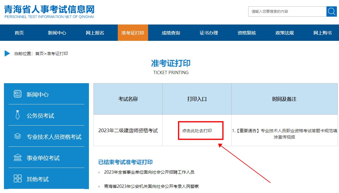 青海2023年二級建造師考試準考證打印入口:青海人事考試信息網(wǎng)
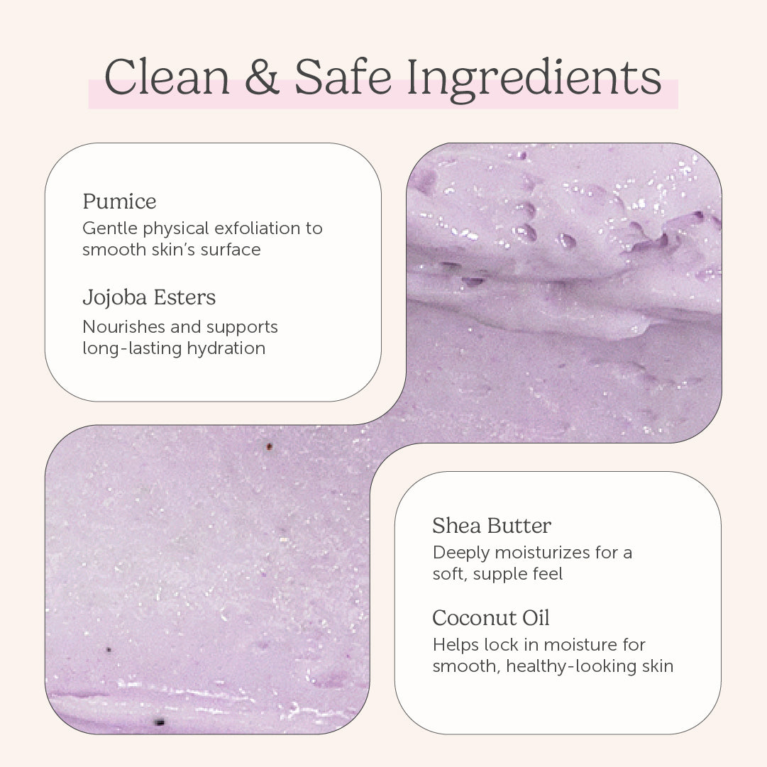 Massage onto clean, wet skin in the shower using gentle circular motions. Focus on rougher areas like elbows, knees, and feet. Rinse thoroughly with warm water. For best results, use once or twice a week and follow with your favorite body butter or whipped soap.
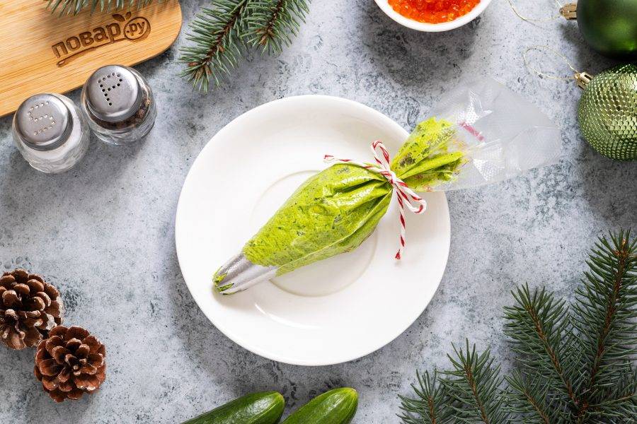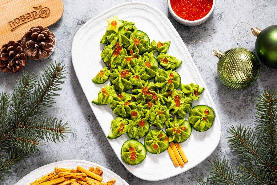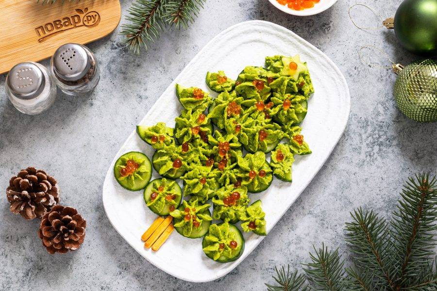Сверху добавьте красную икру. Для декора из соломки сделайте ствол елки, а из одного кружочка огурца вырежьте звезду.
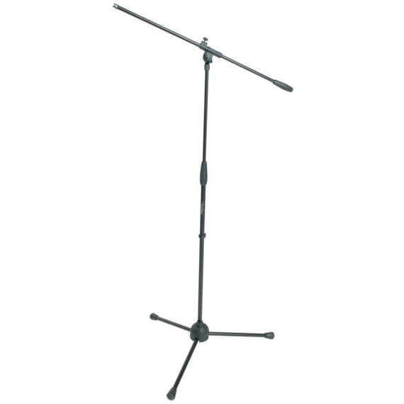 Soporte de micrófono con boom, base de nylon trípode. Disponible con acabado en negro mate o cromado.
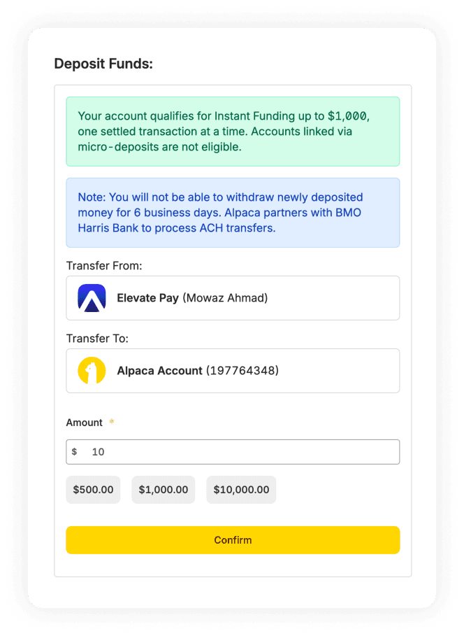 • On the Deposit Funds screen, confirm that the "Transfer From" is your linked Elevate Pay account and the "Transfer To" is your Alpaca Account.
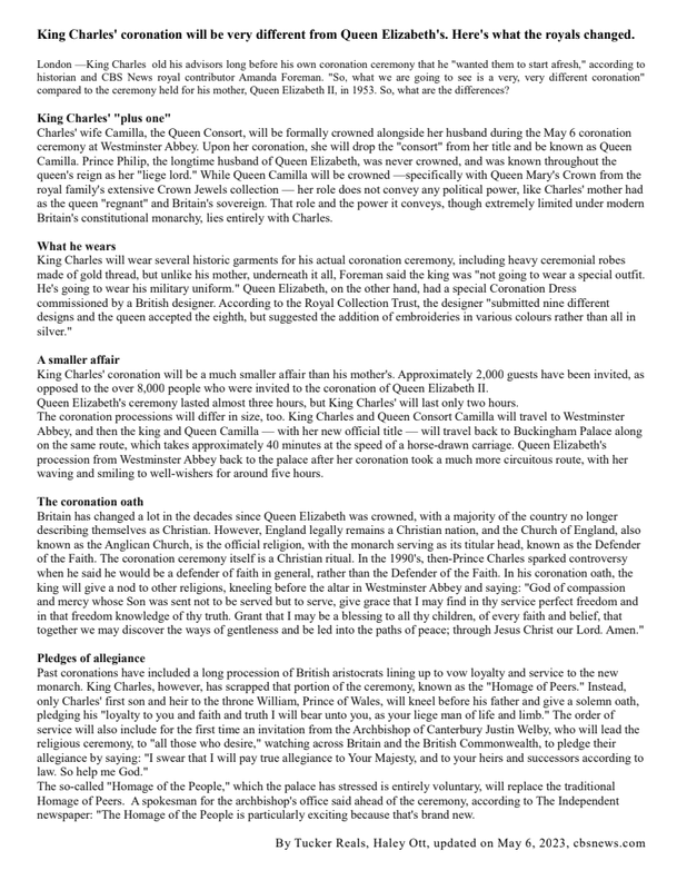 3b (annexe) - King Charles' coronation will be very different from Queen Elizabeth's. Here's what the royals changed.
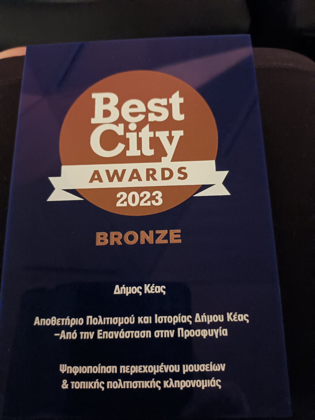 Ο Δήμος Κέας βραβεύτηκε στη διοργάνωση BEST CITY AWARDS στην κατηγορία “Πολιτισμός & Τουρισμός”, στον Τομέα “Ψηφιοποίηση περιεχομένου μουσείων & τοπικής πολιτιστικής κληρονομιάς”. Το Ψηφιακό Αποθετήριο του Δήμου Κέας κέρδισε τις εντυπώσεις και κατάφερε να φέρει στην Κέα μία βράβευση. Η Βράβευση έγινε στον Πολυχώρο στο Γκάζι, παρουσία του Υπουργού Εσωτερικών κ. Βορίδη, του προέδρου της ΚΕΔΕ και πολλών Δημάρχων από όλη την Ελλάδα.
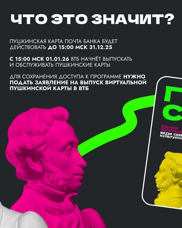 С 1 января банком-оператором программы «Пушкинская карта» станет ВТБ.

····················

* [Directions for this task] Both boundary lines included, write out word for word only the lines above from the one containing "Soporte de micrófono" to the one containing "3b (annexe) - King", leaving out any pictures.

* [Exercise result]
 Soporte de micrófono con boom, base de nylon trípode. Disponible con acabado en negro mate o cromado.
 • On the Deposit Funds screen, confirm that the "Transfer From" is your linked Elevate Pay account and the "Transfer To" is your Alpaca Account.
 3b (annexe) - King Charles' coronation will be very different from Queen Elizabeth's. Here's what the royals changed.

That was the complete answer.